==== DATA FOR REVIEW
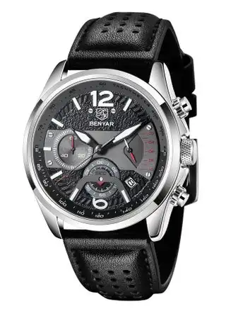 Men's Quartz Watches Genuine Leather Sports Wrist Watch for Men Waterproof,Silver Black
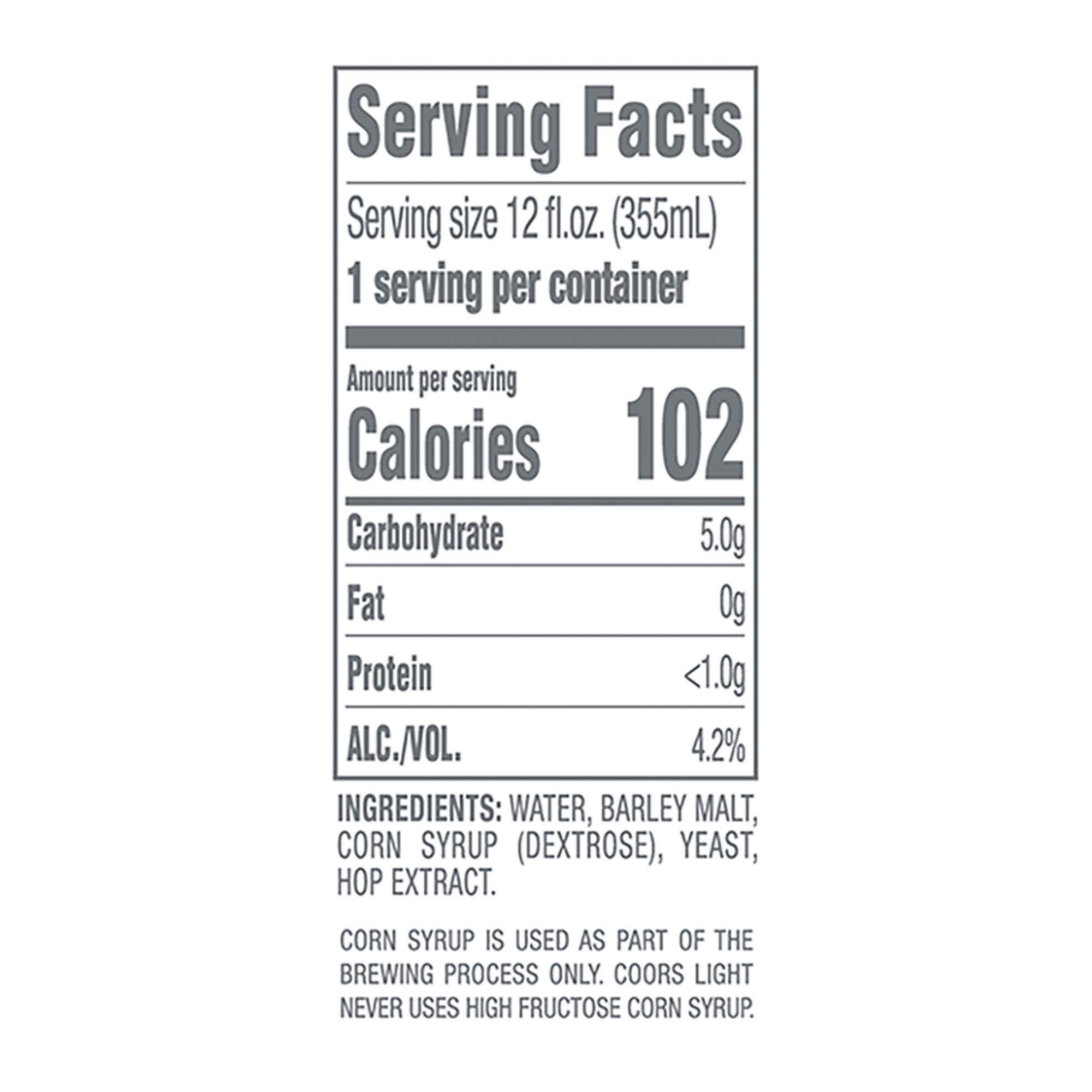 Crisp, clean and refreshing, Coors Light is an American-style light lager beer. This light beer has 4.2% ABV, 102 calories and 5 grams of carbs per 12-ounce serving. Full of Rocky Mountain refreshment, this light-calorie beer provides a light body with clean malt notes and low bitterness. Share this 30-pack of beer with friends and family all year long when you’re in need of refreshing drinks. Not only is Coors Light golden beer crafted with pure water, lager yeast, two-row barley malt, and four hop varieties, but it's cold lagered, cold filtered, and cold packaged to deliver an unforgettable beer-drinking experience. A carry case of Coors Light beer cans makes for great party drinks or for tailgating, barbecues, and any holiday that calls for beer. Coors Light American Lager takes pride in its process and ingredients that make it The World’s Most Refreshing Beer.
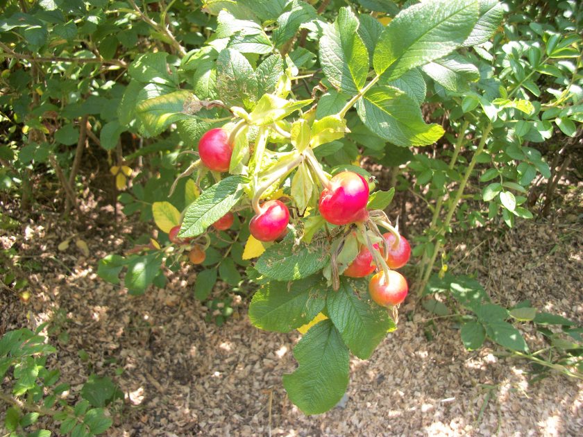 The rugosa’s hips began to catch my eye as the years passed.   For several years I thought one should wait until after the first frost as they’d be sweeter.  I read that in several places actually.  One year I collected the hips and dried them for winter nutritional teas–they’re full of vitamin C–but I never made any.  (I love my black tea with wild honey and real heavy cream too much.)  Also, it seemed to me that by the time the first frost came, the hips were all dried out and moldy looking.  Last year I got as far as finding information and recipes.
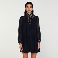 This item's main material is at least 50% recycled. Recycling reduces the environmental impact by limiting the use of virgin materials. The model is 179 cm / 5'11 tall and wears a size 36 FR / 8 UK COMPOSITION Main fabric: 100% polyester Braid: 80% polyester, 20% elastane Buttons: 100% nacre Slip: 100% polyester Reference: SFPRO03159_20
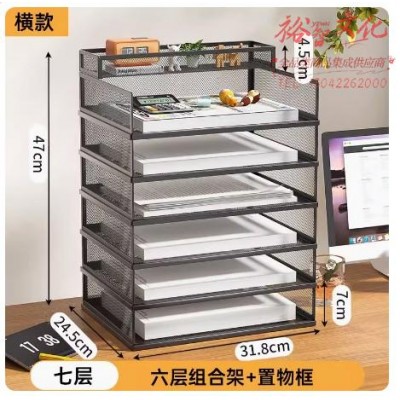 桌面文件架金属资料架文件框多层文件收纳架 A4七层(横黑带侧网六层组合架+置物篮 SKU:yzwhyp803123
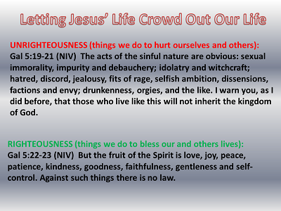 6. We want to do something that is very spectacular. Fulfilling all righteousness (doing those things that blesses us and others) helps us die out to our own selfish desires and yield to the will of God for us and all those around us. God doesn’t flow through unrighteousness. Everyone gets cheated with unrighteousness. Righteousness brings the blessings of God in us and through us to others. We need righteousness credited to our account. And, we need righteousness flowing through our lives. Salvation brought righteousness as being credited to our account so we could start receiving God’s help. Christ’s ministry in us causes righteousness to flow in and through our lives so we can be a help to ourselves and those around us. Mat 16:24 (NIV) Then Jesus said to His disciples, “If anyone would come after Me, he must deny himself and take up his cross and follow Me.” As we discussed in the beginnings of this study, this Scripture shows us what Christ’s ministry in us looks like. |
========
==== DATA FOR REVIEW
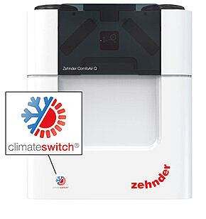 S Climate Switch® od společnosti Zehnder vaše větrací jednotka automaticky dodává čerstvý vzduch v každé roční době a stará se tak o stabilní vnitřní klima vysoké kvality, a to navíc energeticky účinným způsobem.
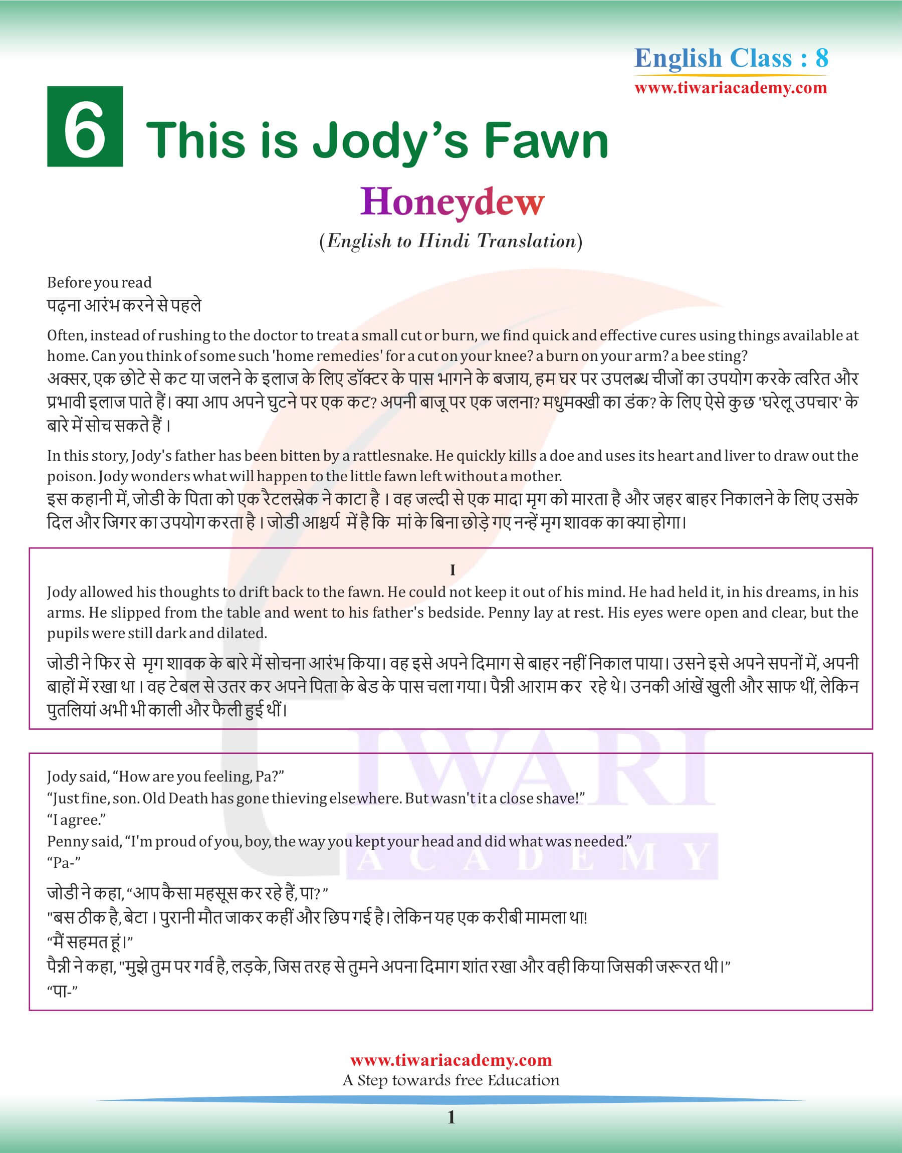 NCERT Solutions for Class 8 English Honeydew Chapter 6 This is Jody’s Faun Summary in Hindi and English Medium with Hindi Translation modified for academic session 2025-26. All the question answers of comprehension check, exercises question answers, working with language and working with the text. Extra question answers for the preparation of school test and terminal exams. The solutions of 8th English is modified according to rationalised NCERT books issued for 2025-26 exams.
========
==== DATA FOR REVIEW
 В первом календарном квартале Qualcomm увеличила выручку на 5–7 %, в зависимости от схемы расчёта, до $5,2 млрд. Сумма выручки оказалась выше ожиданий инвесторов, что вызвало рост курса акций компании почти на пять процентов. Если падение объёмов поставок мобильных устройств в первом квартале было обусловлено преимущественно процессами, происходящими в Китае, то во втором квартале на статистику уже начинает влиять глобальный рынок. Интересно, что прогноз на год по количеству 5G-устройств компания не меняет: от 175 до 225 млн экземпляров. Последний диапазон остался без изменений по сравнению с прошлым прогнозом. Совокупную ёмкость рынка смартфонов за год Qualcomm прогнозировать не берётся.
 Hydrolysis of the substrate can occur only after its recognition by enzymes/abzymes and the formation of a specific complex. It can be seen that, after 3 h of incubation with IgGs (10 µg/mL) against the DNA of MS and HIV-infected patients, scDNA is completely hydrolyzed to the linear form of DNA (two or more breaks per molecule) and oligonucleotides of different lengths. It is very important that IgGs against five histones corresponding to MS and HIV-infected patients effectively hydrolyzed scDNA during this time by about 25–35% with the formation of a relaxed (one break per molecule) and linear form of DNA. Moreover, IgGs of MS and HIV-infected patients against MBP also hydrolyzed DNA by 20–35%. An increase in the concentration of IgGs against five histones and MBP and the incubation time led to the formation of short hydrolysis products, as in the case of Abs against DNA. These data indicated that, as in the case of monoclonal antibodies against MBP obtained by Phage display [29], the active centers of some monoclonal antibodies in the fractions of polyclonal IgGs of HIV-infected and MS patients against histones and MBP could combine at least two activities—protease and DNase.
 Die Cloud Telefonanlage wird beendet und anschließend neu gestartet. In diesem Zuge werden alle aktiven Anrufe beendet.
========
### WHAT NEEDS TO BE DONE:
The answer is the lines of the material above, from the one containing "桌面文件架金属资料架文件框多层文件收纳架 A4七层(横黑带侧网六层组合架+置物篮 SKU:yzwhyp803123" down to the one containing "6. We want to", given exactly and without images.

### SOLUTION FOR THIS PROBLEM:
 桌面文件架金属资料架文件框多层文件收纳架 A4七层(横黑带侧网六层组合架+置物篮 SKU:yzwhyp803123
 6. We want to do something that is very spectacular. Fulfilling all righteousness (doing those things that blesses us and others) helps us die out to our own selfish desires and yield to the will of God for us and all those around us. God doesn’t flow through unrighteousness. Everyone gets cheated with unrighteousness. Righteousness brings the blessings of God in us and through us to others. We need righteousness credited to our account. And, we need righteousness flowing through our lives. Salvation brought righteousness as being credited to our account so we could start receiving God’s help. Christ’s ministry in us causes righteousness to flow in and through our lives so we can be a help to ourselves and those around us. Mat 16:24 (NIV) Then Jesus said to His disciples, “If anyone would come after Me, he must deny himself and take up his cross and follow Me.” As we discussed in the beginnings of this study, this Scripture shows us what Christ’s ministry in us looks like. |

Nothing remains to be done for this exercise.